3. Top each serving with cheese.

Health Benefits:
Low in fat, sodium, sugar and cholesterol. This soup is full of antioxidants, Beta Carotene and flavanoids. Loaded with heart healthy vegetables that will satisfy your tummy without stretching your waistline or your wallet.

Filed Under: Healthy Cooking

Saucy Lamb Chops With Sweet Potatoes

September 30, 2010 By Karen Ficarelli

Who says you can’t enjoy fine dining at home? Light some candles, and get out your good china, this meal deserves an elegant presentation.
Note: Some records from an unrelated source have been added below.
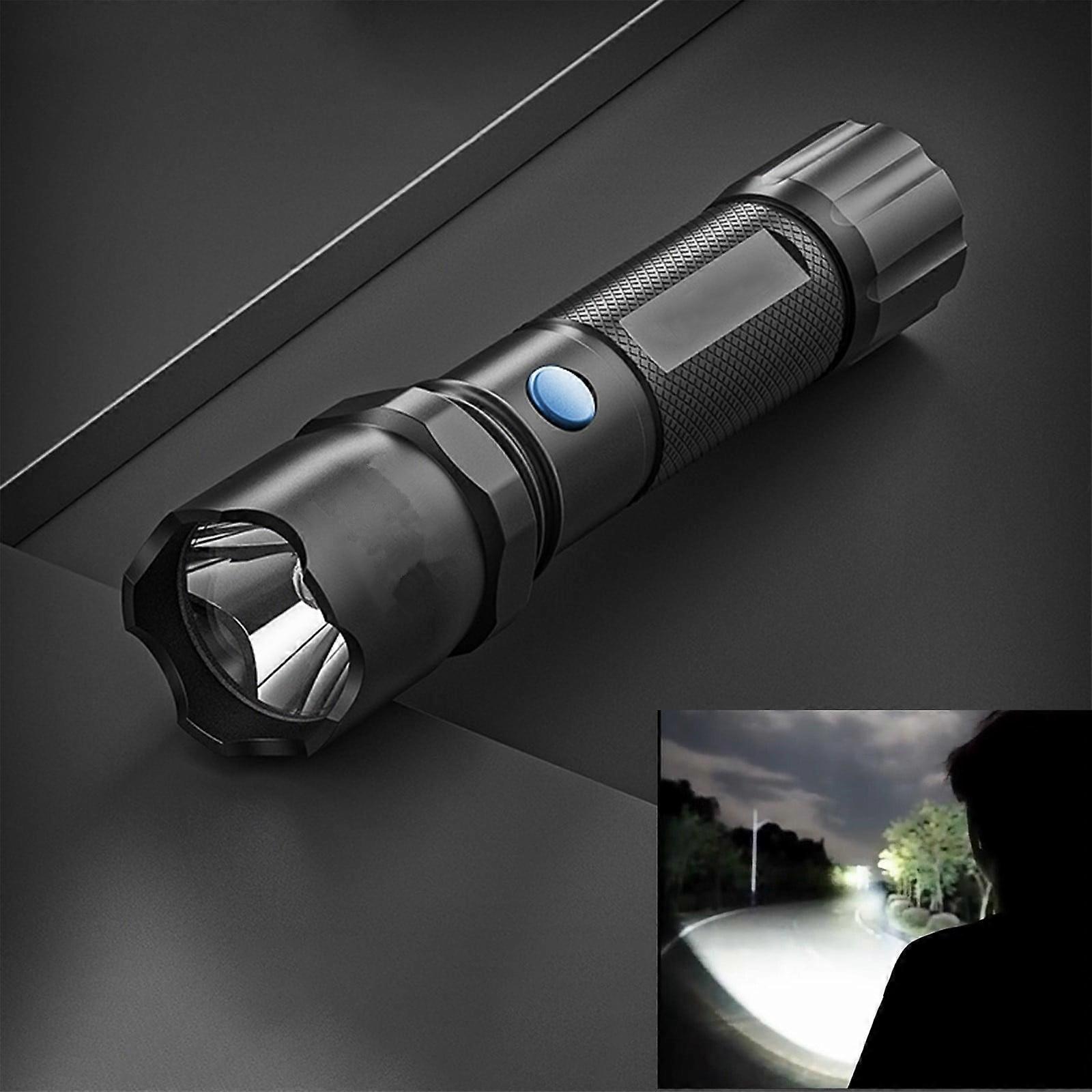 LED Flashlight,10000 Lumens Super Bright Flashlight, Zoomable, Rechargeable Flashlight With 4 Modes,, Powerful Handheld Flashlight Features: 【10000 Lumens Flashlight】LED flashlight has built-in upgraded M77 LED chip, and the brightness is 8 times that of ordinary chips. The usage time is more than 10000 hours, and the maximum brightness can attain 10000 lumens. Light up your room and patio with ease. 【4 Lighting Modes】Super bright flashlight has 4 light modes: low-medium-high-strobe. Easily on-off between different lighting modes at the press of a button. Meet your different lighting needs. Press and hold the power button for 2-3 seconds to turn off with one button, no need to cycle. 【Zoomable Flashlight】Rechargeable LED Flashlight. When used outdoors, it can meet the needs of viewing. It is the best rechargeable flashlight for your outdoor activities and night trips. 【IPX6 Flashlight】Waterproof flashlight is made of Waterproof plastic with IPX6 rating. The design allows it to be used in harsh environments such as heavy rain and snowstorm. At the same time, it is durable.And it can still operate normally even behind being rolled by a truck. 【USB Rechargeable Flashlight】Flashlights come with charging cables, which can be charged from laptops, power, car chargers and other devices with USB output ports.3,500mah large capacity battery, in an emergency can power the phone Product Description+: Product: Long range light Color: Black Material: ABS Battery capacity: 1600mA Input: 5V/1A Luminous efficiency: 1000Lm Waterproofs class: IPX5 Package size: 16×4×4cm/6.29×1.57×1.57in Product size: 15.3×3.3cm/6.02×1.29in Product weight: 74g/0.163lb Gross product weight: 90g/0.198lb Package Content: 1 x Long range light 1 x Charging cable 【❤Welcome to Fanshiluo ❤】 【Shop All Flashlights】-LED Flashlight,Mini Flashlights,Rechargeable Flashlight,Camping Flashlight. 【Better Experience】Using high-quality lamp beads, the illumination distance reaches 100 meters, meeting the needs of most scenes. 【Excellent Materials】-Using high-strength materials, wear-resistant and impact resistant, with longer service life.. 【Great Gifts Ideas】-Excellent gifts choice and very suitable for traveling,camping.
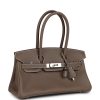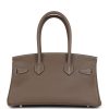 This Shoulder Birkin Light 29 is in Etoupe evercolor leather with palladium hardware and has white contrast stitching, two straps with front toggle closure, clochette with lock and two keys and double rolled handles.
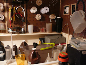 The walls on one side are paneling, and as you can see, cassette wrappers are stuck to it. The other sides are masonite peg board, which had been painted black by Bill. My new space will have no black walls. This is a comfortable one-person darkroom. Put two people in there, and it's awfully close. I want to be able to do film photography workshops in the future, so more space would be desirable.

A great dish to serve when you want to impress your guests or divide the recipe in half for an intimate dinner for two.

8 lamb rib or loin chops
1/3 tbs. chopped shallots
1/4 teaspoon crushed red pepper
1/4 cup vinegar
2 tbs. dried cranberries
1/2 teaspoon ginger
4 baking sweet potatoes

Directions:

1. Clean sweet potatoes, bake 350 degrees until soft.
2. Trim chops, place on unheated rack of broiler pan.
3. Combine shallots and red pepper, set aside 2 tbs. for sauce.
4. Rub the remainder of the shallots and red pepper into the chops.
5. Broil chops 10 to 12 minutes until cooked through.
6. In small sauce pan combine 2 Tbs. of shallot, red pepper, brown sugar, vinegar, cranberries and ginger and bring to boil.
7. Cover and simmer 10 minutes.
8. Serve chops with sauce, and sweet potato

Health Benefits:
An excellent source of protein, lamb is high in zinc, which is beneficial to the immune system. Zinc also helps to regulate the metabolism and stabilize blood sugar levels. Sweet potatoes are a great source of Beta Carotene, high in fiber and potassium.